10 new fashion rules for 2009
We all love rules – but some fashion diktats need of an update. Lisa Armstrong reveals the guidelines we really need
Days into 2009, it has become painfully apparent that there’s a 2008 feeling hovering over proceedings. 1997 would be more like it. The trends are different, obviously. In the run-up to spring 1997 we were thinking about florals, colour and wedges, whereas in the run-up to spring 2008 we’re thinking about different kinds of florals, colours and wedges.
God really is in the details. And the devil is in the rules. Which is tough, because we all love rules, even anarchists. Why else would rock’n’roll rebels, lawless dictators, etc, act in such a predictable way? Rules are comfortable, particularly when they’re slightly irritating – and they’re keeping an entire industry in self-help annuals afloat. So I’m not suggesting doing away with them, merely – in this month of makeovers – applying some nip and tuck principles to the more useless ones.
1. Ankle straps foreshorten the leg. But only if the ankle strap is the width of a belt, slices horizontally across your ankle and is worn over bare legs or clashing tights. However, is this really so much worse than wearing a shoe that falls off every time you have to negotiate a stair? The right strap – sitting slightly below the ankle – can help define an ankle. Besides, if you wear them with toning tights, cankle problem solved.
2. All things in moderation. Yawn. In 2009, one item in your outfit should be utterly immoderate: huge ring, stonking platform,deafening pop of colour, vast cuffs. Enough superlatives for you?
3. Every woman needs a white shirt. Wrong. Only women who look good in a white shirt need one. Some look better in white T-shirts.
4. Women over 50 can’t wear their hair long. They can if their hair is still shiny and fabulous. File in bin along with the rule about blonde being more flattering as you age – not on everyone it isn’t.
5. Kate Moss and Nicole Kidman are style icons. Ergo even when they look dodgy, they must be right. Wrong. Kate Moss and Nicole Kidman are human and, as 2008 proved, fallible. Trust your instincts on this. And can we agree that the words style, fashion and icon should never again be used in the same paragraph?
6. You can’t go wrong with a trench coat. Actually, you can. Epaulettes, flaps and lots of buttons swamp some women. Just because it's a classic, it doesn’t mean it’s right for you.

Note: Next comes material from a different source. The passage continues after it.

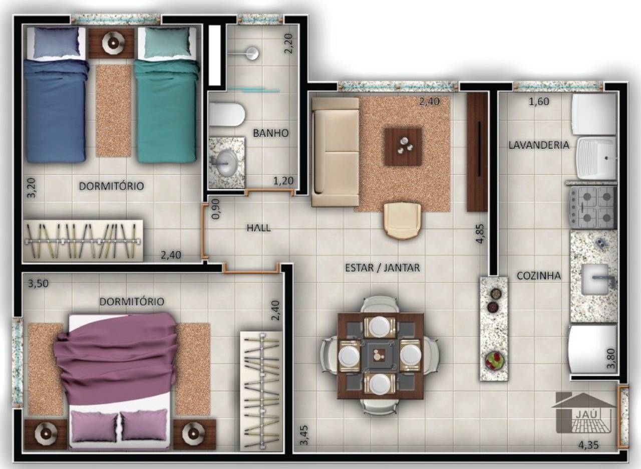 Apartamento com 02 dormitórios, sala, cozinha, banheiro e lavanderia.

7. Black and navy blue will never do. Another one from the Ark, although I think periwinkle was the hot shade then. Black and navy can look very chic – black tights and certainly black patent shoes toughen up a navy outfit and stop it looking like a uniform.
8. High heels lengthen the legs. True, obviously. But while high is good, higher isn’t always better. When a short woman teeters on stilts, bottom and bosoms set off at weird angles, making her resemble a spiral staircase, the issue of whether her legs have technically become longer is irrelevant.
9. No miniskirts over 40. More superannuated diktats from the age police. If you’ve got them (and they still look fabulous), flaunt them, but probably best to draw the line at the lower thigh.
10. Don’t wear the same trend twice. Utter twaddle. Trends come round so fast now that would preclude almost everything we have come to recognise as clothing.